*** Listed entries ***

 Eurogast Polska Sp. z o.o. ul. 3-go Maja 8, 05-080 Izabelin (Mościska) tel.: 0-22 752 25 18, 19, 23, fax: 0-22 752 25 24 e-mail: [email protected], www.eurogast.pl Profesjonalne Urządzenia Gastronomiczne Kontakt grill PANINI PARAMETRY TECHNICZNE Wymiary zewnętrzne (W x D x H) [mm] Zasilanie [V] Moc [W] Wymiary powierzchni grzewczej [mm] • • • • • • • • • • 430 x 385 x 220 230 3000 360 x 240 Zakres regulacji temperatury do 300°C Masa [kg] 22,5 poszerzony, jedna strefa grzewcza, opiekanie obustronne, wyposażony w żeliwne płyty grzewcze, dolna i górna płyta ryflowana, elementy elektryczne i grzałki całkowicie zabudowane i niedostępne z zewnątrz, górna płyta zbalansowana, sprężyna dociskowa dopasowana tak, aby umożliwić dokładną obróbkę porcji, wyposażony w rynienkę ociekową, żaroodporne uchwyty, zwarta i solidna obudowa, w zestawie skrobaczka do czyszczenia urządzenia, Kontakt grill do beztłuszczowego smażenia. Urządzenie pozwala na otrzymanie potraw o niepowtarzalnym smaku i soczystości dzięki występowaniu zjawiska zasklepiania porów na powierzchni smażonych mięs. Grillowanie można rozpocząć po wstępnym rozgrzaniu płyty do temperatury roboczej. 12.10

***
*** Listed entries ***

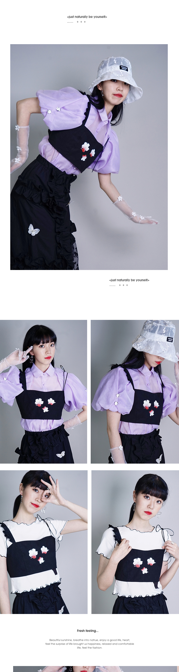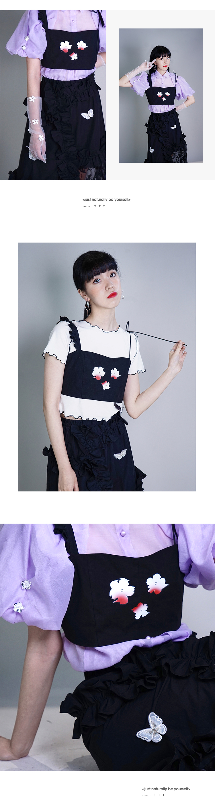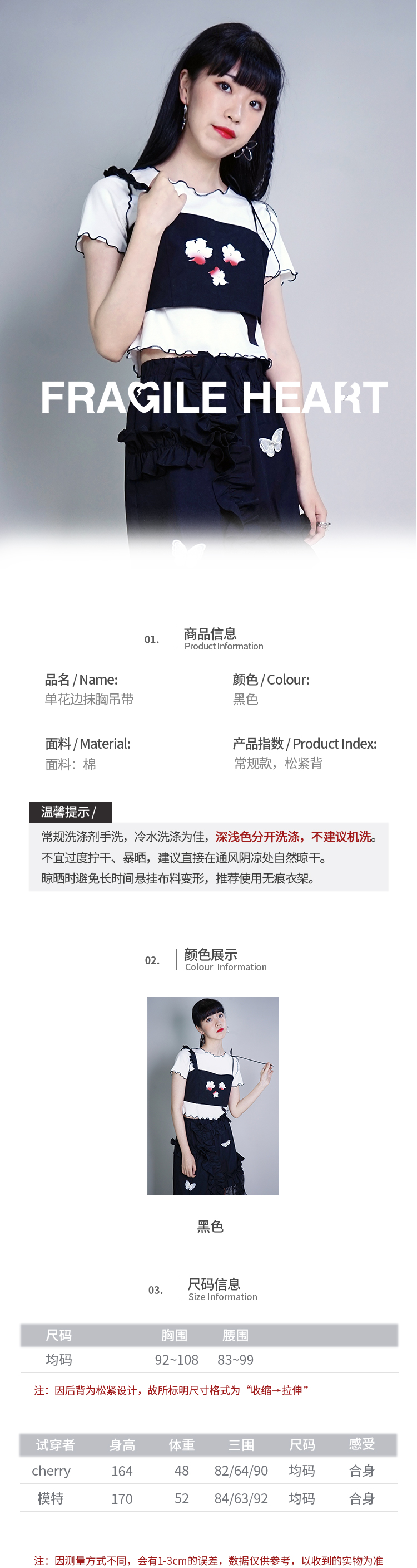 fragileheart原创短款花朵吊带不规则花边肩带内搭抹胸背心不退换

***
*** Listed entries ***

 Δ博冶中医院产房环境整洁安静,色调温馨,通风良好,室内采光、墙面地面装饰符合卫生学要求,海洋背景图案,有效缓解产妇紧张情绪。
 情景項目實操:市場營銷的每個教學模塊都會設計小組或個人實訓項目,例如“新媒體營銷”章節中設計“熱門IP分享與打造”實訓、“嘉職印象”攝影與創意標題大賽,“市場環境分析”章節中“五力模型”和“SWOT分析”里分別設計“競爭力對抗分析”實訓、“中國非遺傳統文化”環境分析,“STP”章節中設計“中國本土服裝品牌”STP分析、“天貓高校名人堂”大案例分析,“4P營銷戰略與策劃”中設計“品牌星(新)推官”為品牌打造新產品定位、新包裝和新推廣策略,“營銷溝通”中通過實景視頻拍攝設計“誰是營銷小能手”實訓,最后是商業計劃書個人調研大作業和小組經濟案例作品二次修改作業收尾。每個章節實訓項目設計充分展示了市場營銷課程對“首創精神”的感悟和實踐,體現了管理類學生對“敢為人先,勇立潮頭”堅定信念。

***

• [To do] Above are some records; copy exactly the lines from the one with "Δ博冶中医院产房环境整洁安静" through the one with "情景項目實操:市場營銷的每個", both included, and no others.

• [Final answer]
 Δ博冶中医院产房环境整洁安静,色调温馨,通风良好,室内采光、墙面地面装饰符合卫生学要求,海洋背景图案,有效缓解产妇紧张情绪。
 情景項目實操:市場營銷的每個教學模塊都會設計小組或個人實訓項目,例如“新媒體營銷”章節中設計“熱門IP分享與打造”實訓、“嘉職印象”攝影與創意標題大賽,“市場環境分析”章節中“五力模型”和“SWOT分析”里分別設計“競爭力對抗分析”實訓、“中國非遺傳統文化”環境分析,“STP”章節中設計“中國本土服裝品牌”STP分析、“天貓高校名人堂”大案例分析,“4P營銷戰略與策劃”中設計“品牌星(新)推官”為品牌打造新產品定位、新包裝和新推廣策略,“營銷溝通”中通過實景視頻拍攝設計“誰是營銷小能手”實訓,最后是商業計劃書個人調研大作業和小組經濟案例作品二次修改作業收尾。每個章節實訓項目設計充分展示了市場營銷課程對“首創精神”的感悟和實踐,體現了管理類學生對“敢為人先,勇立潮頭”堅定信念。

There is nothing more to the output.